##### DATA FOR PROCESSING

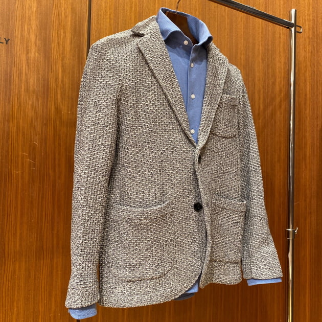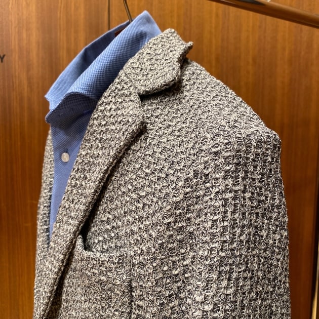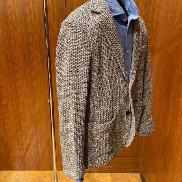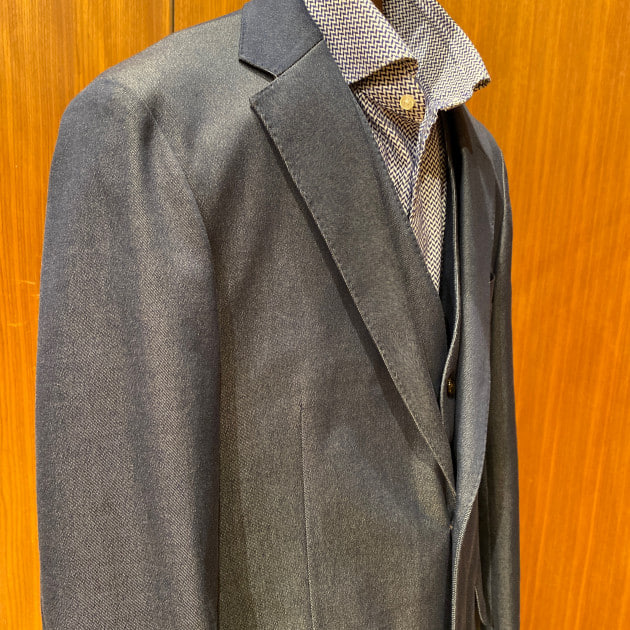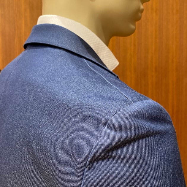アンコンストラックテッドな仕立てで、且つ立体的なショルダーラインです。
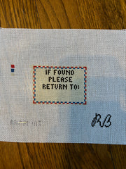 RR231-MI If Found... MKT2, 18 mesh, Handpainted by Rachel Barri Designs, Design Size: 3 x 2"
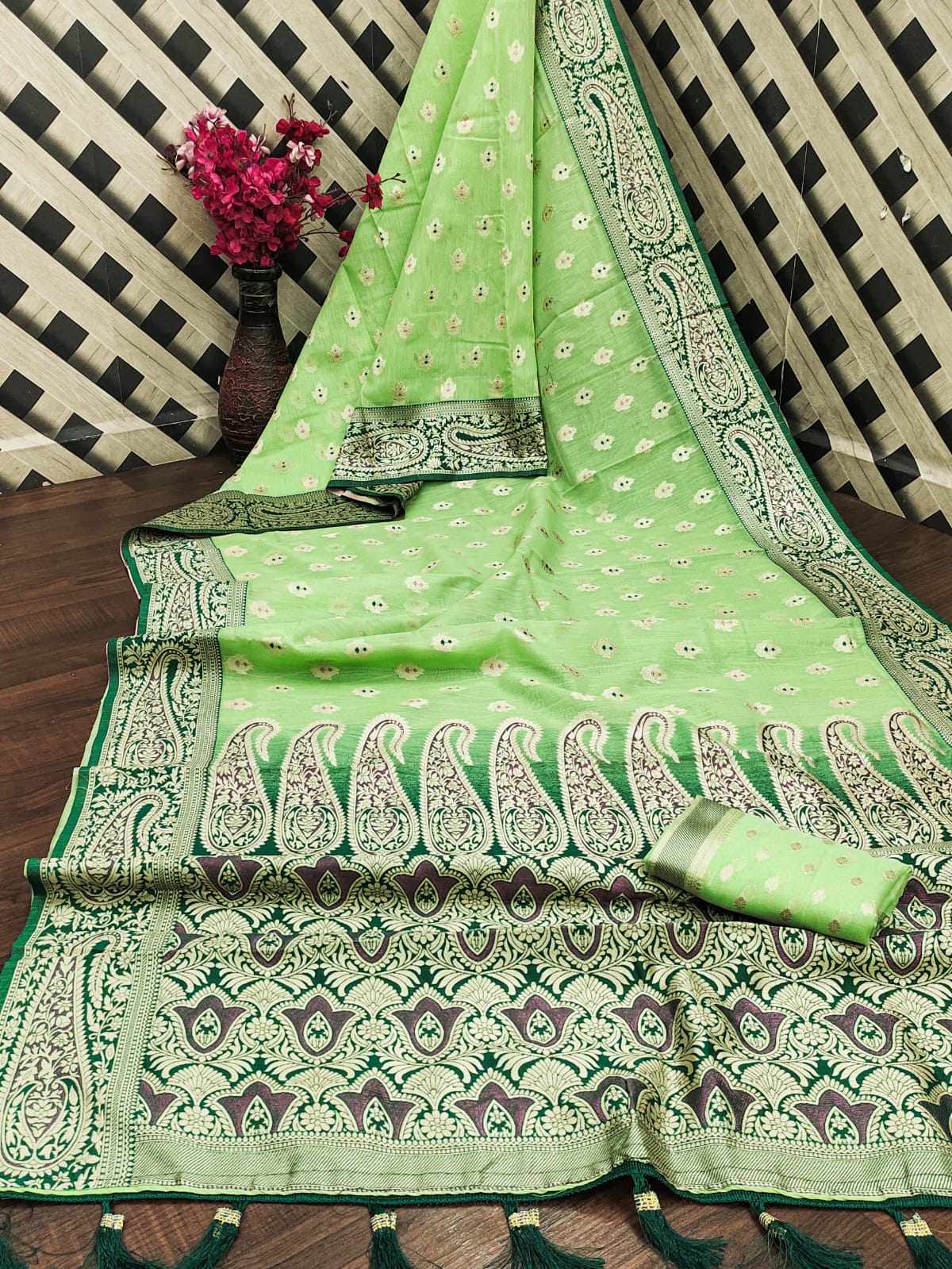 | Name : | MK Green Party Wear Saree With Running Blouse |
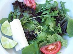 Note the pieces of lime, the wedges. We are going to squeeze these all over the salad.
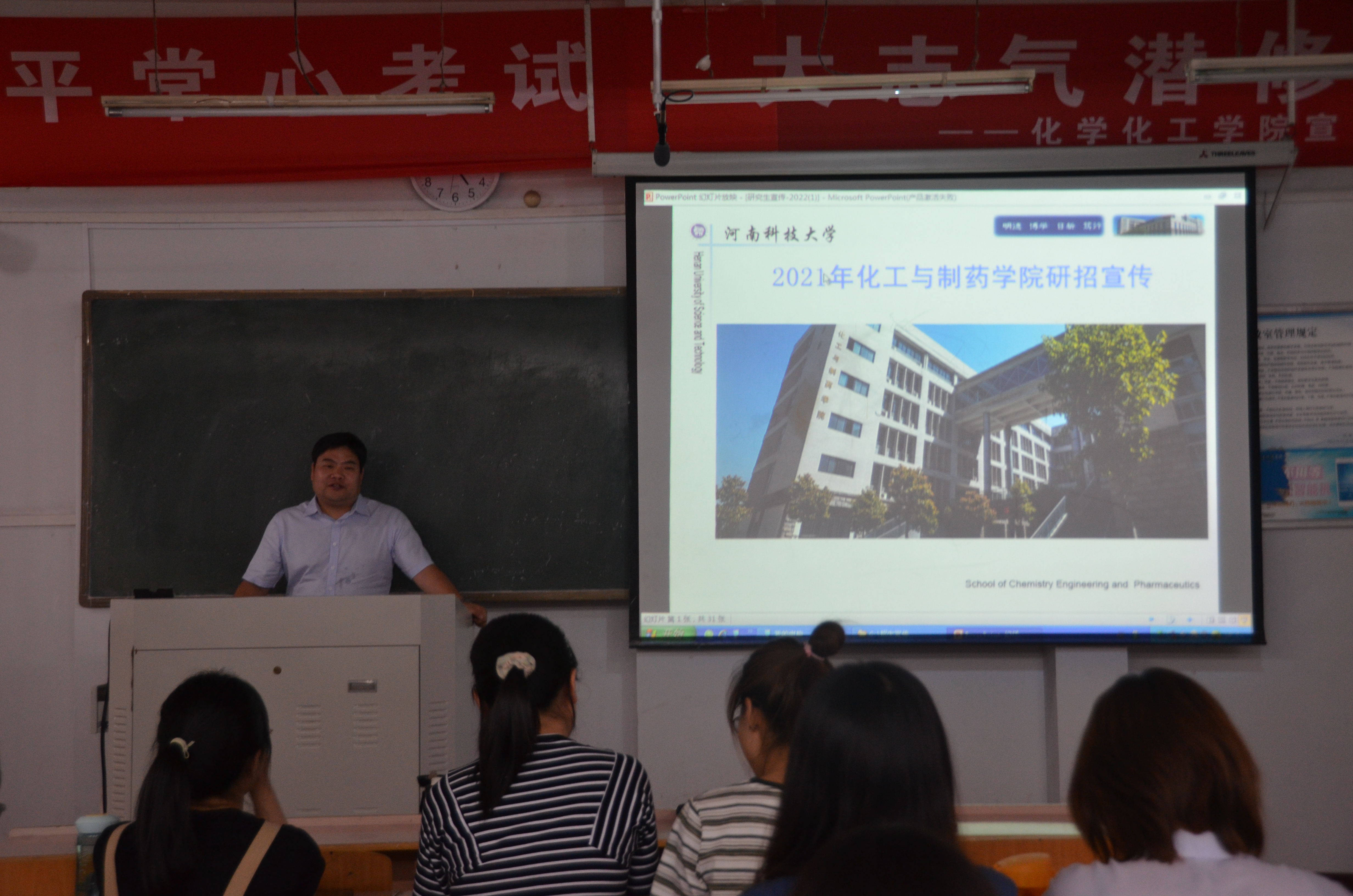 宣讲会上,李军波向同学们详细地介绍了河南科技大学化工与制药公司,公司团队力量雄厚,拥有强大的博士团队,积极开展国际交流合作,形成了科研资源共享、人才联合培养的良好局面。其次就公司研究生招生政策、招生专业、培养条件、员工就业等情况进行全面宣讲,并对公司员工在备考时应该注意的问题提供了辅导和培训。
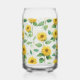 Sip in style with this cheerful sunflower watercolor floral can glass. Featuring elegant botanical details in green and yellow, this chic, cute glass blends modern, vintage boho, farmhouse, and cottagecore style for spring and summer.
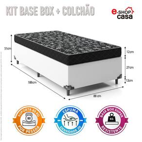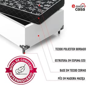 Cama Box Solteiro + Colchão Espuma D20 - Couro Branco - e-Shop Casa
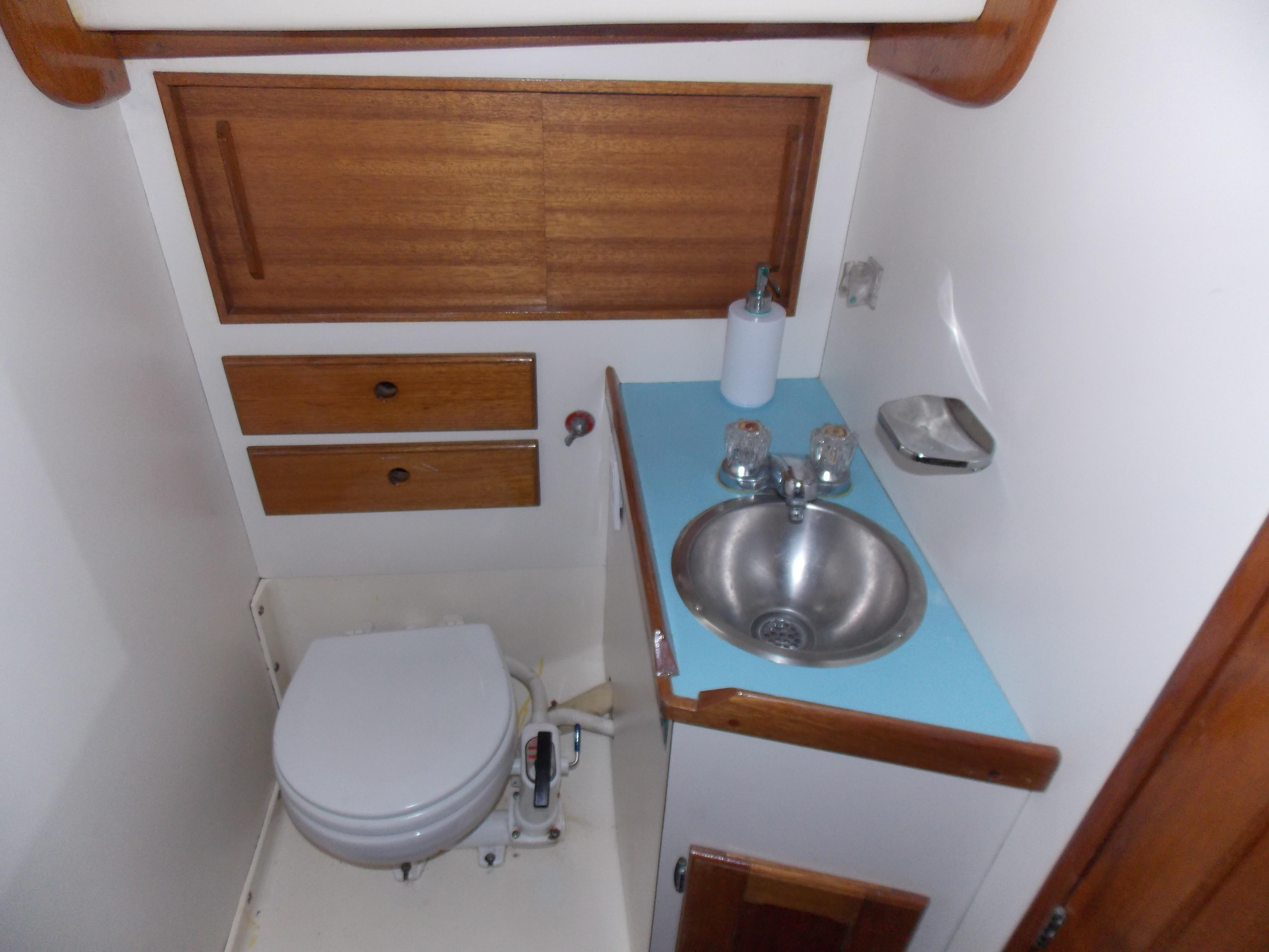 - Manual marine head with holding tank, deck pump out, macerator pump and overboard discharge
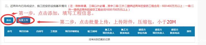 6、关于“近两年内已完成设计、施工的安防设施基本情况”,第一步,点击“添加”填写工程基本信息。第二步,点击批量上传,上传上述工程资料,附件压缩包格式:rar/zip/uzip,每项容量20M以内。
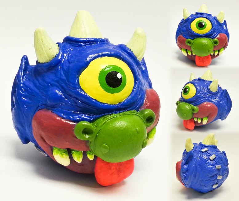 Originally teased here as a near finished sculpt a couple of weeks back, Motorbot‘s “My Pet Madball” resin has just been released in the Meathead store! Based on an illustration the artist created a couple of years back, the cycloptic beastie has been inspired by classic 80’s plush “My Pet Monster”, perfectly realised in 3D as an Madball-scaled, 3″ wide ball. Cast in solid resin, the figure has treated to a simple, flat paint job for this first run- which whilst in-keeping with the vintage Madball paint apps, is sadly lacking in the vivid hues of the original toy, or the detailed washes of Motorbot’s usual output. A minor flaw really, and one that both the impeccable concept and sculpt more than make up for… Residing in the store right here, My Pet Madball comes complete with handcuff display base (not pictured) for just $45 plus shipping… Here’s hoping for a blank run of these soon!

##########

• [THE TASK] Starting at the line above that contains "Note the pieces", transcribe every line exactly through the line that contains "- Manual marine", including that last one, and skip the pictures.

• [ANSWER TO THE EXERCISE]
 Note the pieces of lime, the wedges. We are going to squeeze these all over the salad.
 宣讲会上,李军波向同学们详细地介绍了河南科技大学化工与制药公司,公司团队力量雄厚,拥有强大的博士团队,积极开展国际交流合作,形成了科研资源共享、人才联合培养的良好局面。其次就公司研究生招生政策、招生专业、培养条件、员工就业等情况进行全面宣讲,并对公司员工在备考时应该注意的问题提供了辅导和培训。
 Sip in style with this cheerful sunflower watercolor floral can glass. Featuring elegant botanical details in green and yellow, this chic, cute glass blends modern, vintage boho, farmhouse, and cottagecore style for spring and summer.
 Cama Box Solteiro + Colchão Espuma D20 - Couro Branco - e-Shop Casa
 - Manual marine head with holding tank, deck pump out, macerator pump and overboard discharge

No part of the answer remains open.